*TASK PROMPT*:
In the material below, find the line that contains "Fusta plisata fond" and the line that contains "Celebrate the arrival", then write out exactly those two lines and everything between them.
┄┄┄┄┄┄┄┄┄┄
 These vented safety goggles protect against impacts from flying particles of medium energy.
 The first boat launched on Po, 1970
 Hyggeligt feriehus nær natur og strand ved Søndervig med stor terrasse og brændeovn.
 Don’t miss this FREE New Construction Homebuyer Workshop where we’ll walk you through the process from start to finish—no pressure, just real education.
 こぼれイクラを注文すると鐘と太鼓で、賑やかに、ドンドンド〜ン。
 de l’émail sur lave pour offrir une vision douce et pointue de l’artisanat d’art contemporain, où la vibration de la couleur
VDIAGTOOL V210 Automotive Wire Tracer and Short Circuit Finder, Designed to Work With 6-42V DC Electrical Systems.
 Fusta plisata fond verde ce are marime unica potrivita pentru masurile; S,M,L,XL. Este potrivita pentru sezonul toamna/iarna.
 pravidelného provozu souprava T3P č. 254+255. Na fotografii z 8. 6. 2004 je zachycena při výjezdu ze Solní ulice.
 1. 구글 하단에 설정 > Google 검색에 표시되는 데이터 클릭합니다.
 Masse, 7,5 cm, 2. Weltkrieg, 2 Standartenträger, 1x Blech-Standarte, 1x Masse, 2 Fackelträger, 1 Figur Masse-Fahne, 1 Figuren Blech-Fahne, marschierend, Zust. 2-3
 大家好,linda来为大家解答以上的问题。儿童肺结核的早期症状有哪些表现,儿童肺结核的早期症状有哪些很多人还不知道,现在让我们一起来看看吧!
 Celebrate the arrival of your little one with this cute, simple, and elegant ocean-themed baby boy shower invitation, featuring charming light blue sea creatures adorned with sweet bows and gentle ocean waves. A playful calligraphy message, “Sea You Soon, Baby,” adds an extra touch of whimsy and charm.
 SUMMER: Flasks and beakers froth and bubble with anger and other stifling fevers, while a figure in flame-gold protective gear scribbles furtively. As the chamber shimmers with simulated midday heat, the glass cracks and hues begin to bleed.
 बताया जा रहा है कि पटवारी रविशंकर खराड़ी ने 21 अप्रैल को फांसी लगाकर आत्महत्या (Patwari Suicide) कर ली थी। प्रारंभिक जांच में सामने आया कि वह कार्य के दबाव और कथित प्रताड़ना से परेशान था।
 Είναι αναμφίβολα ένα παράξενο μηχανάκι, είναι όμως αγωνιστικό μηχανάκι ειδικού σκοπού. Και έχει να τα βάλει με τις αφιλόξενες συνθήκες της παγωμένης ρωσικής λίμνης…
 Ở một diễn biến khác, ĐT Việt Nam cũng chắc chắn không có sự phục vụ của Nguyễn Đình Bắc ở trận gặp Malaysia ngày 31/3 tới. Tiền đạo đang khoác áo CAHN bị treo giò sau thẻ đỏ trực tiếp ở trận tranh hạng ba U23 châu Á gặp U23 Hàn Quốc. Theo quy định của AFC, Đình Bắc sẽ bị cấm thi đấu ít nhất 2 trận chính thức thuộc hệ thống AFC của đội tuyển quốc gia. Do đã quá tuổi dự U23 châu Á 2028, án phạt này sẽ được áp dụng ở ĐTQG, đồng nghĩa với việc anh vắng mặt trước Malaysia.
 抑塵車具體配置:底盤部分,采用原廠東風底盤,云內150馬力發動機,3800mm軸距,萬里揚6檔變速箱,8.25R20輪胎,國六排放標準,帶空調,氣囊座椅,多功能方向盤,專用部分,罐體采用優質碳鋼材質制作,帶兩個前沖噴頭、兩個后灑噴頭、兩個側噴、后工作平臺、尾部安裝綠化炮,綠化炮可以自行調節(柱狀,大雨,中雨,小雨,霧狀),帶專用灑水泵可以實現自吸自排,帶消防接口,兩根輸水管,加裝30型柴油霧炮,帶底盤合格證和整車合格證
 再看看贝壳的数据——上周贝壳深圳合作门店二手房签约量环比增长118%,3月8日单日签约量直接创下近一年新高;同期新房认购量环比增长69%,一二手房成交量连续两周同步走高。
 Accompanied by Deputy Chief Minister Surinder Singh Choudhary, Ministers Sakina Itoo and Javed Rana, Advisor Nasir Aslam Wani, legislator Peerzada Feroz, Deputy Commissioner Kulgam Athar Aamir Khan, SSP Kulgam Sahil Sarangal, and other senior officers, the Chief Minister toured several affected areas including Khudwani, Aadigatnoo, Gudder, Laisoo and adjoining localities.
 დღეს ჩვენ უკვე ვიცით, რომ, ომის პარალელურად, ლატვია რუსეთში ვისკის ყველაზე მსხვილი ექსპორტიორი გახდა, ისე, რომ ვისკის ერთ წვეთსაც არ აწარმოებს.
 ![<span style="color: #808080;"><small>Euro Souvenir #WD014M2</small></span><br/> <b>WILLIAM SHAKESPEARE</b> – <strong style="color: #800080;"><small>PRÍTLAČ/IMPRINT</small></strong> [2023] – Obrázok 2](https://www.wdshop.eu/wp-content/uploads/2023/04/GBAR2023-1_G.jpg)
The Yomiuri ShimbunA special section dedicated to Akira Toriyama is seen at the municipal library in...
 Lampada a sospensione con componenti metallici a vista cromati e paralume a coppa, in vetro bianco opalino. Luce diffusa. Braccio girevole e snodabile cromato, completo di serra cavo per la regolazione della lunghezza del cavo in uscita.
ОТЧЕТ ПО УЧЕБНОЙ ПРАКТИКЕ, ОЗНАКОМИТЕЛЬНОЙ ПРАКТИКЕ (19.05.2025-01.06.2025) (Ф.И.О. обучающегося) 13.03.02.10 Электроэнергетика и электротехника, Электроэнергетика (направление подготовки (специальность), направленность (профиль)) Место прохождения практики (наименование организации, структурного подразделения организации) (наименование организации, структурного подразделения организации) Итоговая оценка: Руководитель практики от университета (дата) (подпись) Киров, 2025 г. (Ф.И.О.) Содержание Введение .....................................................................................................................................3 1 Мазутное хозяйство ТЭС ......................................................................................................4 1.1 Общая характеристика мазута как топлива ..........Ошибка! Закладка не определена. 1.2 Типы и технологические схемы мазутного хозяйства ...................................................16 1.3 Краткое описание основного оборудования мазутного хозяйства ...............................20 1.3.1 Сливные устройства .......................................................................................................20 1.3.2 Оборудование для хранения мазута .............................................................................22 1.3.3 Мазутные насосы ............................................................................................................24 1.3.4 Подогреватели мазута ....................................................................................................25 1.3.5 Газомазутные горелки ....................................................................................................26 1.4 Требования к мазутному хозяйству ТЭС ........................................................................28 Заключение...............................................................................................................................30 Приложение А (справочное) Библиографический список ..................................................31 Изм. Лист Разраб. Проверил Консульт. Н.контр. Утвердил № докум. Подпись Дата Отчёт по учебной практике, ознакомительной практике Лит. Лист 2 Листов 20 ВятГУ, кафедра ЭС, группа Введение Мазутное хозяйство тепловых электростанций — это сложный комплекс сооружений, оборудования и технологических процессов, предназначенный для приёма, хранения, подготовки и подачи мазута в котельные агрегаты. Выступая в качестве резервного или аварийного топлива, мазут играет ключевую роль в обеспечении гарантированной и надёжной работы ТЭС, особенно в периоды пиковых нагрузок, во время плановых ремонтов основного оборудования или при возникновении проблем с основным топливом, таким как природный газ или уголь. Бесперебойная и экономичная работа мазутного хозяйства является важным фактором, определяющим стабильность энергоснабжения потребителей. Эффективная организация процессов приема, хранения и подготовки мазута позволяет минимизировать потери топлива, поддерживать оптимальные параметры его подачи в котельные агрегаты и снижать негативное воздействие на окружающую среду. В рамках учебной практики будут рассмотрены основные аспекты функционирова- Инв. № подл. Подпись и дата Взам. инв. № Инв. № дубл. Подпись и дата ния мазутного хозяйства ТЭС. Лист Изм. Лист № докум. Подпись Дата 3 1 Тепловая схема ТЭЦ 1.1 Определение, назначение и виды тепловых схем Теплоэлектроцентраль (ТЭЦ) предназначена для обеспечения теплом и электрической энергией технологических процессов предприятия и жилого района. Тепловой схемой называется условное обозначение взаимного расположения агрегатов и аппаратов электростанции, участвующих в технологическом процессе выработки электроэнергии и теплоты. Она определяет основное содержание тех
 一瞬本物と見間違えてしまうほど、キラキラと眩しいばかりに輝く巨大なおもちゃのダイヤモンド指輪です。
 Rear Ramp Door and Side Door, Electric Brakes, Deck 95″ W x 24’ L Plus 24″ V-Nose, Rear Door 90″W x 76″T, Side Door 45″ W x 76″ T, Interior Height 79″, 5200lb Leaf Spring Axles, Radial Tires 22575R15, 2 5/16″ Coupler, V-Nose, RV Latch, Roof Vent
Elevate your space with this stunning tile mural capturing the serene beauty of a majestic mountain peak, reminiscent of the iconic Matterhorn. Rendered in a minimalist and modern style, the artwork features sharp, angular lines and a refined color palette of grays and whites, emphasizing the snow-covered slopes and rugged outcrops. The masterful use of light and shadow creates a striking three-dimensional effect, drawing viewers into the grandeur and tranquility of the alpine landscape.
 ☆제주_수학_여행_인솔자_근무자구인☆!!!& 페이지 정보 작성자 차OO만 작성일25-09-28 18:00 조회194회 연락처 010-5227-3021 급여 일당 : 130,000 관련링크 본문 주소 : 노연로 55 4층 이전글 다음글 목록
┄┄┄┄┄┄┄┄┄┄
*EXERCISE RESULT*:
 Fusta plisata fond verde ce are marime unica potrivita pentru masurile; S,M,L,XL. Este potrivita pentru sezonul toamna/iarna.
 pravidelného provozu souprava T3P č. 254+255. Na fotografii z 8. 6. 2004 je zachycena při výjezdu ze Solní ulice.
 1. 구글 하단에 설정 > Google 검색에 표시되는 데이터 클릭합니다.
 Masse, 7,5 cm, 2. Weltkrieg, 2 Standartenträger, 1x Blech-Standarte, 1x Masse, 2 Fackelträger, 1 Figur Masse-Fahne, 1 Figuren Blech-Fahne, marschierend, Zust. 2-3
 大家好,linda来为大家解答以上的问题。儿童肺结核的早期症状有哪些表现,儿童肺结核的早期症状有哪些很多人还不知道,现在让我们一起来看看吧!
 Celebrate the arrival of your little one with this cute, simple, and elegant ocean-themed baby boy shower invitation, featuring charming light blue sea creatures adorned with sweet bows and gentle ocean waves. A playful calligraphy message, “Sea You Soon, Baby,” adds an extra touch of whimsy and charm.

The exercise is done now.